Wordnet: Getting derivationally_related_forms of a word


I am working on an IR project, I need an alternative to both stemming (which returns unreal words) and lemmatization (which may not change the word at all)

So I looked for a way to get forms of a word.

This python script gives me derivationally_related_forms of a word (e.g. "retrieving"), using NLTK and Wordnet:

from nltk.corpus import wordnet as wn    

str = "retrieving"

synsets = wn.synsets(str)

s = set()
result = ""
for synset in synsets:
    related = None
    lemmas = synset.lemmas()
    for lemma in lemmas:
        forms = lemma.derivationally_related_forms()
        for form in forms:
            name = form.name()
            s.add(name)    

print(list(s))

The output is:

['recollection', 'recovery', 'regaining', 'think', 'retrieval', 'remembering', 'recall', 'recollective', 'thought', 'remembrance', 'recoverer', 'retriever']

But what I really want is only : 'retrieval' , 'retriever' , not 'think' or 'recovery'...etc

and the result is also missing other forms, such as: 'retrieve'

I know that the problem is that "synsets" include words different from my input word, so I get unrelated derivated forms

Is there a way to get the result I am expecting?


Solution

  • You could do what you currently do, then run a stemmer over the word list you get, and only keep the ones that have the same stem as the word you want.
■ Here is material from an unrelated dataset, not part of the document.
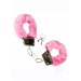 Metal faux fur covered handcuffs with safety release. Soft and comfortable removable faux fur. 2 keys included.

    Another approach, not using Wordnet, is to get a large dictionary that contains all derived forms, then do a fuzzy search on it. I just found this: https://github.com/dwyl/english-words/ (Which links back to this question How to get english language word database? )

    The simplest algorithm would be an O(N) linear search, doing Levenshtein Distance on each. Or run your stemmer on each entry.

    If efficiency starts to be a concern... well, that is really a new question, but the first idea that comes to mind is you could do a one-off indexing of all entries by the stemmer result.